Support Questions

Find answers, ask questions, and share your expertise
Announcements
Celebrating as our community reaches 100,000 members! Thank you!

NodeManager Health is bad: Issue due to garbage collection

avatar
Champion

We are getting the following error from YARN: NodeManager Health is bad: GC Duration:
Average time spent in garbage collection was 45.2 second(s) (75.40%) per minute over the previous 5 minute(s). Critical threshold: 60.00%.
Average time spent in garbage collection was 30.3 second(s) (50.45%) per minute over the previous 5 minute(s). Warning threshold: 30.00%.

 

Below are my configuration: 

 

Currently we are using the default setting for CM -> Yarn -> Configuration -> Java Configuration Options for Node Manager

-XX:+UseParNewGC -XX:+UseConcMarkSweepGC -XX:CMSInitiatingOccupancyFraction=70 -XX:+CMSParallelRemarkEnabled

 

CM -> Yarn -> Configuration -> nodemanager_gc_duration_window

 

5 minute(s)

 

CM -> Yarn -> Configuration -> nodemanager_gc_duration_thresholds

Warning: 30.0
Critical: 60.0

 

I went through this link but it doesn't cover how to fix this issue

https://www.cloudera.com/documentation/enterprise/5-8-x/topics/cm_ht_nodemanager.html

 

Below are my questions :

1. The environment was good for more than a year but getting issue now. why?
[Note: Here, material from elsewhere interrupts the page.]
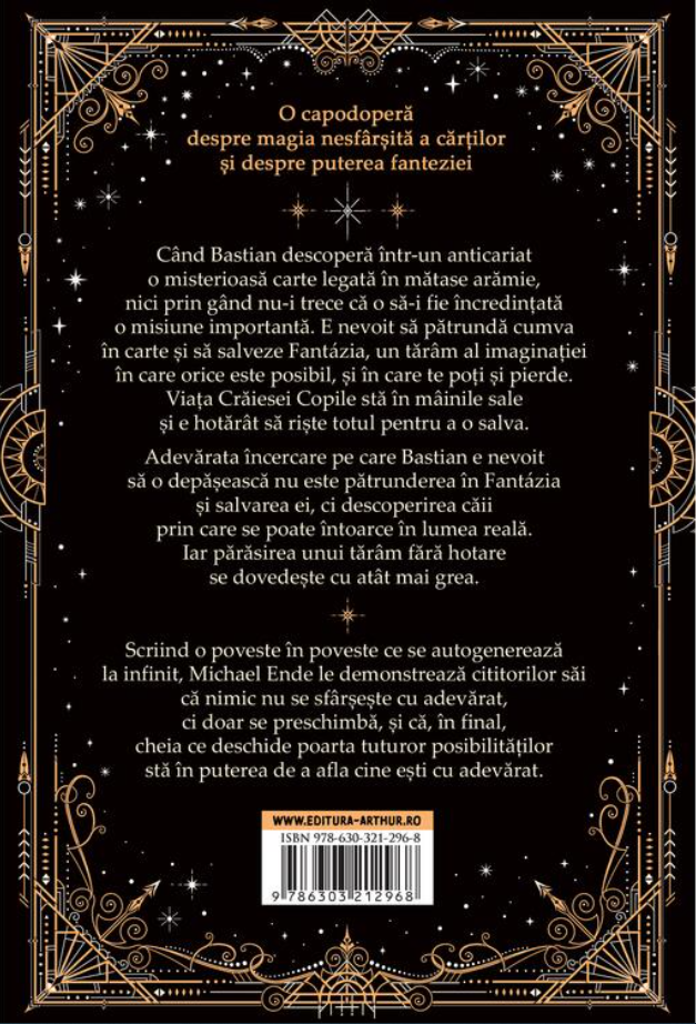 Când Bastian descoperă într-un anticariat o misterioasă carte legată în mătase arămie, nici prin gând nu-i trece că o să-i fie încredințată o misiune importantă. E nevoit să pătrundă cumva în carte și să salveze Fantázia, un tărâm al imaginației în care orice este posibil, și în care te poți și pierde. Viața Crăiesei Copile stă în mâinile sale și e hotărât să riște totul pentru a o salva.

Is it due to more usage?

2. Do we need to clear any old garbage from the environment to fix this issue? if so, how?

3. Do we need to change any configuration to fix this issue? if so, how?

4. Do we need to do both step 2 and step 3 by any chance?

1 REPLY 1

avatar
Cloudera Employee

@saranvisaThis health check result indicates that NodeManager is not getting enough heap space compared to its workload. Typically when workload grows in the cluster and thus the java daemon needs more heap, you need to give more heap to the Role.

 

You could:

1. Increase the heap given to Node Manager through Node Manager's configuration page.('Java Heap Size of NodeManager in Bytes')

2. Alternatively, though not recommended, you could tune the threshold you found to tolerate higher GC ratio for Node Manager.

 

I would recommend you go to the specific Node Manager's role instance page in Cloudera Manager, browse through the charts available for Node Manager, there would be a chart named 'JVM heap memory usage' telling you the heap consumption of the particular Node Manager. Then you can have a better idea of how much memory the Role is using and potentially increase the heap given to it to a higher value.